EXERCISE INSTRUCTIONS: Please quote exactly the lines below from the line containing "play on the |" to the line containing "Limit your bullets", both lines included, and nothing else.

TASK INPUT:
_ _ _ _ _

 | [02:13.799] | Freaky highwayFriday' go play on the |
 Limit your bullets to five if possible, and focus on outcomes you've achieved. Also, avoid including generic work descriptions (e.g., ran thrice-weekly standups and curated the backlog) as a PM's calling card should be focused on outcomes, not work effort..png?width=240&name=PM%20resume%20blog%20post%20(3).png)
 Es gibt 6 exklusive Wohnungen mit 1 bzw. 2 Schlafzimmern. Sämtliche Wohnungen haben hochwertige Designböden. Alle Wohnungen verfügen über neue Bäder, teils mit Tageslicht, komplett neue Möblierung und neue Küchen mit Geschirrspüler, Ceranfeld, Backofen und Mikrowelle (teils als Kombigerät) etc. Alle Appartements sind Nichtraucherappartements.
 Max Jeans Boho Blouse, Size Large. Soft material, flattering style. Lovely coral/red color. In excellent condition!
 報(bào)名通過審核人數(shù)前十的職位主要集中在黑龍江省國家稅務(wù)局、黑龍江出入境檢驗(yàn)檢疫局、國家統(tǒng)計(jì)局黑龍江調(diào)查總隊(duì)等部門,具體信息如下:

_ _ _ _ _

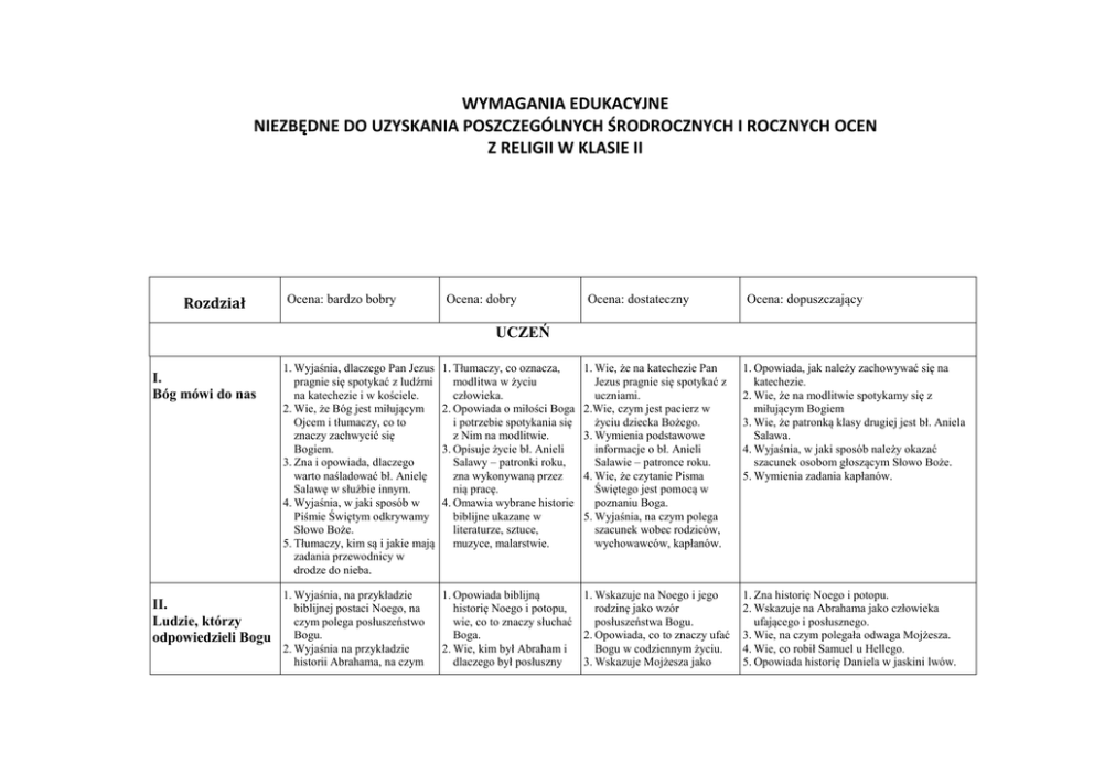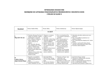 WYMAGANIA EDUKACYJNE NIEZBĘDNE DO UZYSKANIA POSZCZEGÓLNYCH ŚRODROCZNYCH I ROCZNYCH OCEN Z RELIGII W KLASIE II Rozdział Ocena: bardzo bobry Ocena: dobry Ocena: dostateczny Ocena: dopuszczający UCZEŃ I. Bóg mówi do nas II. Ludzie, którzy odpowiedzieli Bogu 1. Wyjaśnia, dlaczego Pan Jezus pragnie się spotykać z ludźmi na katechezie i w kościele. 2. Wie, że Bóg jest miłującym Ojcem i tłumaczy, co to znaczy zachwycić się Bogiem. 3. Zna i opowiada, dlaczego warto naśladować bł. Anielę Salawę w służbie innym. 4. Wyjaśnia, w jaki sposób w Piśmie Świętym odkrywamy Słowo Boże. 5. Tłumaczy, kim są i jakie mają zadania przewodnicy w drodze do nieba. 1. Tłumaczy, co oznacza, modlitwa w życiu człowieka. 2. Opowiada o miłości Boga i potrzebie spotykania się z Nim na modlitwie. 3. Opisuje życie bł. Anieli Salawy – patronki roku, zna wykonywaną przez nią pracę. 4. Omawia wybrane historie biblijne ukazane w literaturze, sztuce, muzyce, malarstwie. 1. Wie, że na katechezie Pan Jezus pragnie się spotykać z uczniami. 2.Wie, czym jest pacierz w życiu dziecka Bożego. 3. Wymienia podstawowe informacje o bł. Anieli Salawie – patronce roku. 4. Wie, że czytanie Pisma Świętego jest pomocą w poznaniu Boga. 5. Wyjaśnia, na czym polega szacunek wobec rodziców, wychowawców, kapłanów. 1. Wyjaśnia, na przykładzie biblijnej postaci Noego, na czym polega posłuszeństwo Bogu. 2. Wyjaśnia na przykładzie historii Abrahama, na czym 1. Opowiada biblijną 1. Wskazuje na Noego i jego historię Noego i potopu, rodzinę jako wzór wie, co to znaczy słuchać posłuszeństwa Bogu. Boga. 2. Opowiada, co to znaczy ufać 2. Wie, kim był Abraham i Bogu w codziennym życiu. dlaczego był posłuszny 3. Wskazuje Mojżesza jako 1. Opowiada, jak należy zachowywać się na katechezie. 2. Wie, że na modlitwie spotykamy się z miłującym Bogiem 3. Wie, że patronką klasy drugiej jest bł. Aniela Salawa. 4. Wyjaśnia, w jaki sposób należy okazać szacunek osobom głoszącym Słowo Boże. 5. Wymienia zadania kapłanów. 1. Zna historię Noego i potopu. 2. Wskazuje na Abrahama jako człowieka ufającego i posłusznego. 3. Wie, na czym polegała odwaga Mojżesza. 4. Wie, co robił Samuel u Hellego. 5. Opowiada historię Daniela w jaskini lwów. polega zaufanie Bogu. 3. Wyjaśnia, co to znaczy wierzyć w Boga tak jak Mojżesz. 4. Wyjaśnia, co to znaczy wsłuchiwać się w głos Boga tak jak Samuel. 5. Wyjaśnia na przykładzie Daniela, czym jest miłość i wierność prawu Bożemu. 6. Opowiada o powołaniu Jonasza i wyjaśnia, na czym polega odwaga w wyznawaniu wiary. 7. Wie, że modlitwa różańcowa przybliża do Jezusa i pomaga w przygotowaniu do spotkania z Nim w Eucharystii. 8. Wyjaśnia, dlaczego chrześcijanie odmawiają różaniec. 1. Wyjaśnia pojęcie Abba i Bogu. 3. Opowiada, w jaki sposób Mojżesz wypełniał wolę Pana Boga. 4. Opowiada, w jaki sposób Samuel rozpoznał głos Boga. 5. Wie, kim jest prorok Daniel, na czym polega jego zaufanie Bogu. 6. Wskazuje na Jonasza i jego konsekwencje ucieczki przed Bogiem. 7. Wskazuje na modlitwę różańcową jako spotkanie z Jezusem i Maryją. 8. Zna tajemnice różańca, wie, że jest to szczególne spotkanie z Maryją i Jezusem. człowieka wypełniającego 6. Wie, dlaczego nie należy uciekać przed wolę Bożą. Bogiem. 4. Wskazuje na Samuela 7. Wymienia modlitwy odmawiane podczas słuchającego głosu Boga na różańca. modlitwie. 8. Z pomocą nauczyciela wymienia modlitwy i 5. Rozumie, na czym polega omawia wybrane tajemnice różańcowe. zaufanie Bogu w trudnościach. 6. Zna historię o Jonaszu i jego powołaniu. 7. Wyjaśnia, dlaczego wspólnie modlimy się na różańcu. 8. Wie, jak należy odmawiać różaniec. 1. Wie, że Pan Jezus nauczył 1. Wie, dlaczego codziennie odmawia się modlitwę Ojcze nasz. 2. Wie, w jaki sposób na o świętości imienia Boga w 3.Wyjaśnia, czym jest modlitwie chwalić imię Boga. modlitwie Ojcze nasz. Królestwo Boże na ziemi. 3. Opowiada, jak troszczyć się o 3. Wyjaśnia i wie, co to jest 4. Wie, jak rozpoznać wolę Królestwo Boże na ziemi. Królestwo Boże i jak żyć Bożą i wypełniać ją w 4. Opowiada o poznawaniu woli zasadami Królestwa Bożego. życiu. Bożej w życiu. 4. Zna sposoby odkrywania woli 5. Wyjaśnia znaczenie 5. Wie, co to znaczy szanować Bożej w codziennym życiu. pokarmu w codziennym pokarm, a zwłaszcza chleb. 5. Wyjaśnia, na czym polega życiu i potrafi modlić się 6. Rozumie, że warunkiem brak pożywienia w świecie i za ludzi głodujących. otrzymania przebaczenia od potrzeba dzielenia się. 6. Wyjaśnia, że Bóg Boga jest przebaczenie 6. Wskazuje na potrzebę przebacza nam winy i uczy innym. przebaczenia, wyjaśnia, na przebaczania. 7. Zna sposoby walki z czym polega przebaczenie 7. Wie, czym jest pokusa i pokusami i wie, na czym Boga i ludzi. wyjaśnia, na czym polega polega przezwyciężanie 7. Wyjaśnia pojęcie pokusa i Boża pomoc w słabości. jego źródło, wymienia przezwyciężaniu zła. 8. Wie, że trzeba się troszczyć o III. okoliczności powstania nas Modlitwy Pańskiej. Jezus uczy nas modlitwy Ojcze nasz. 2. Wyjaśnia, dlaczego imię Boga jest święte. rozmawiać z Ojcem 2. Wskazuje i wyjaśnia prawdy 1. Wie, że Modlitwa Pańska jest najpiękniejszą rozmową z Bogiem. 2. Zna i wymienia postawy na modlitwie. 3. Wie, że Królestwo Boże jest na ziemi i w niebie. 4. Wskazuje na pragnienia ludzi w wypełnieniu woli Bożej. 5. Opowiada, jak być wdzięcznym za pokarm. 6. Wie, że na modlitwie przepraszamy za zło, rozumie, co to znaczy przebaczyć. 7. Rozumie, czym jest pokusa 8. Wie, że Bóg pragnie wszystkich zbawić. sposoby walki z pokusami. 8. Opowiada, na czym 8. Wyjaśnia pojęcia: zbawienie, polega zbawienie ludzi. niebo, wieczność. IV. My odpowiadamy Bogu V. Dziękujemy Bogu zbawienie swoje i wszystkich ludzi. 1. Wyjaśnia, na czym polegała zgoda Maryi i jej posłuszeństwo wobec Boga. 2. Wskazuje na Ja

_ _ _ _ _

ANSWER TO THIS TASK:
 | [02:13.799] | Freaky highwayFriday' go play on the |
 Limit your bullets to five if possible, and focus on outcomes you've achieved. Also, avoid including generic work descriptions (e.g., ran thrice-weekly standups and curated the backlog) as a PM's calling card should be focused on outcomes, not work effort..png?width=240&name=PM%20resume%20blog%20post%20(3).png)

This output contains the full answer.